## How to complete this task
With pictures removed, print the listing exactly.

## Collected data
——

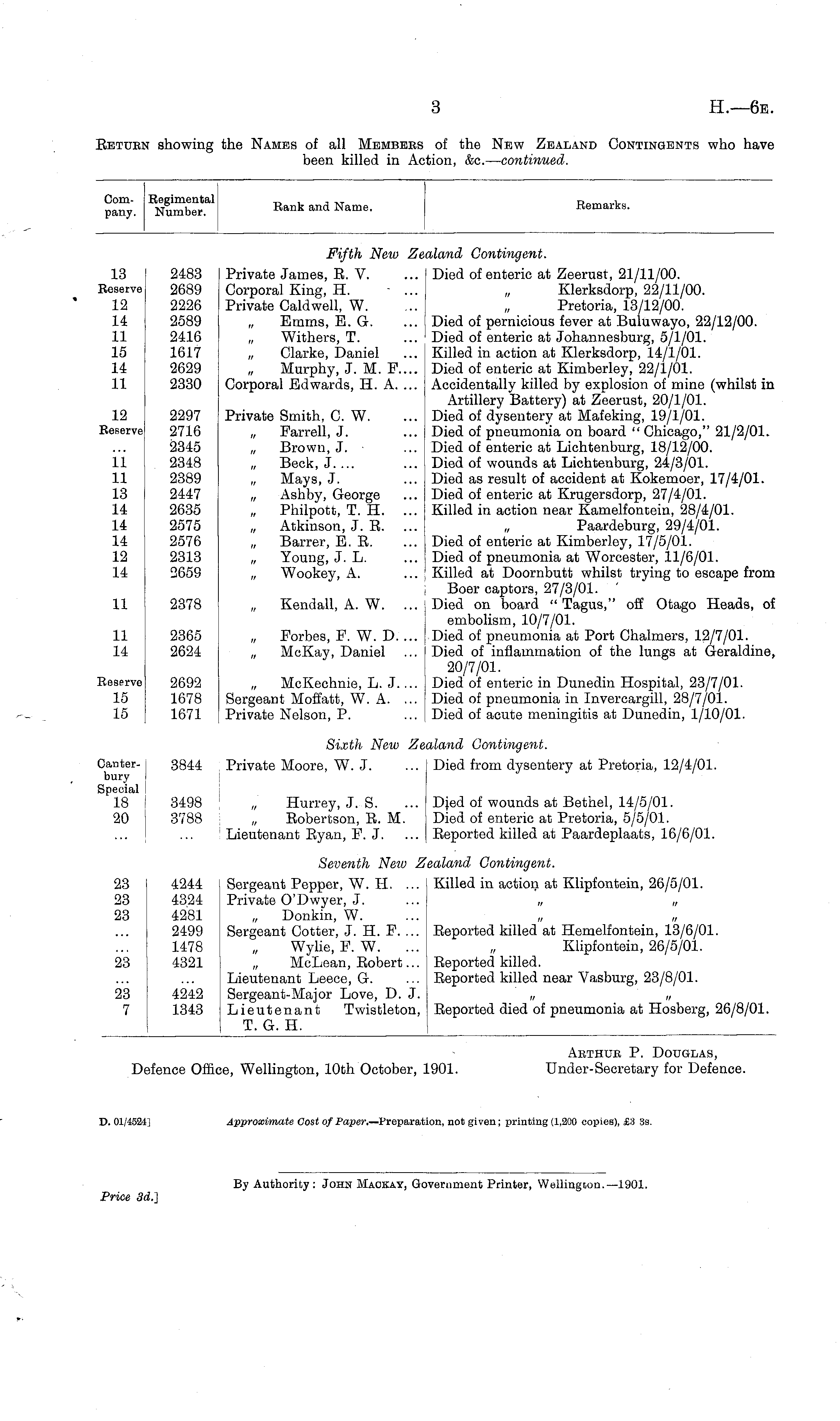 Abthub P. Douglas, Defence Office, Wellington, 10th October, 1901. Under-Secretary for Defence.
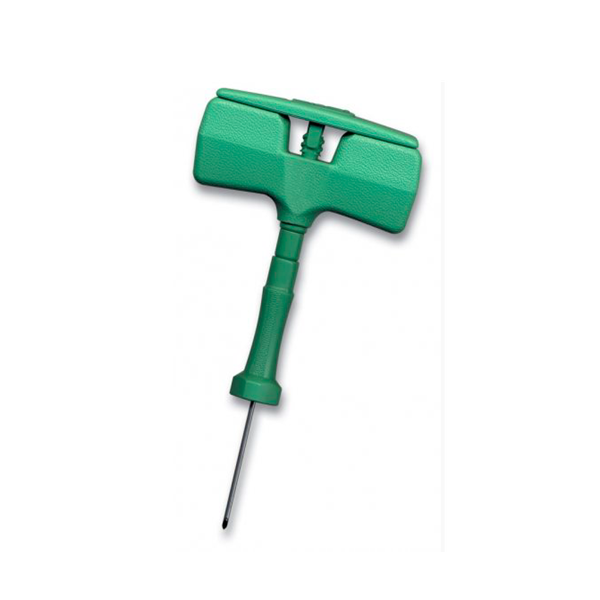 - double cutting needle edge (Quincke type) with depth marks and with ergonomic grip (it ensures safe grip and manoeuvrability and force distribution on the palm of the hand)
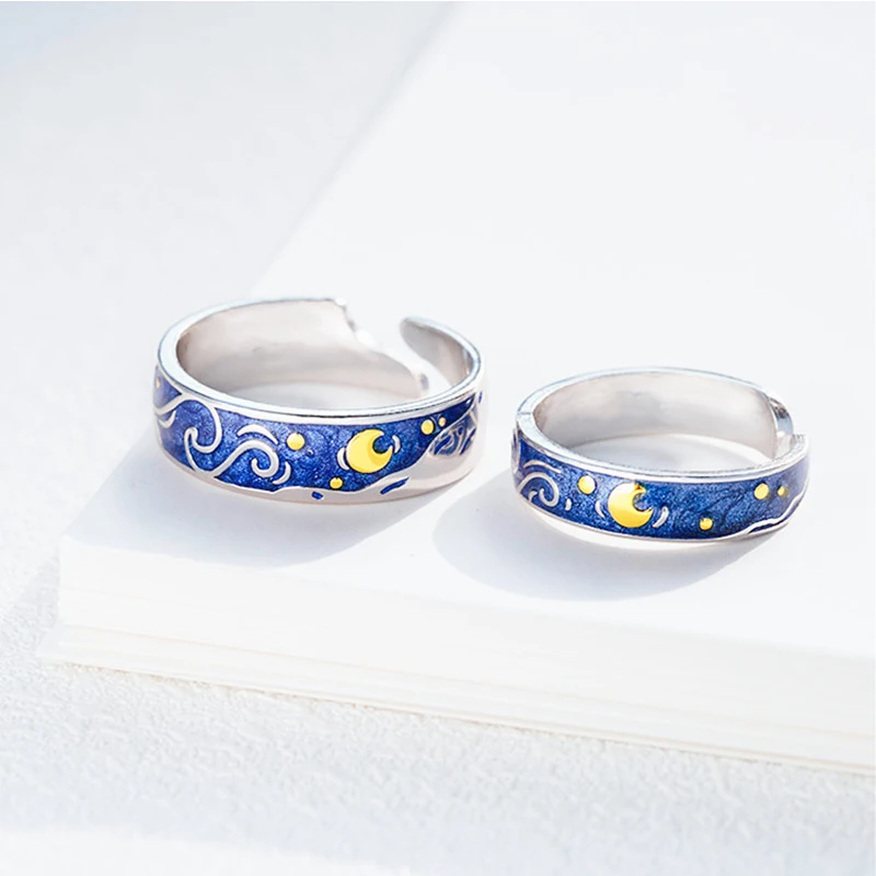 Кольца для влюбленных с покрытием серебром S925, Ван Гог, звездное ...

——

## Exercise answer
 Abthub P. Douglas, Defence Office, Wellington, 10th October, 1901. Under-Secretary for Defence.
 - double cutting needle edge (Quincke type) with depth marks and with ergonomic grip (it ensures safe grip and manoeuvrability and force distribution on the palm of the hand)
 Кольца для влюбленных с покрытием серебром S925, Ван Гог, звездное ...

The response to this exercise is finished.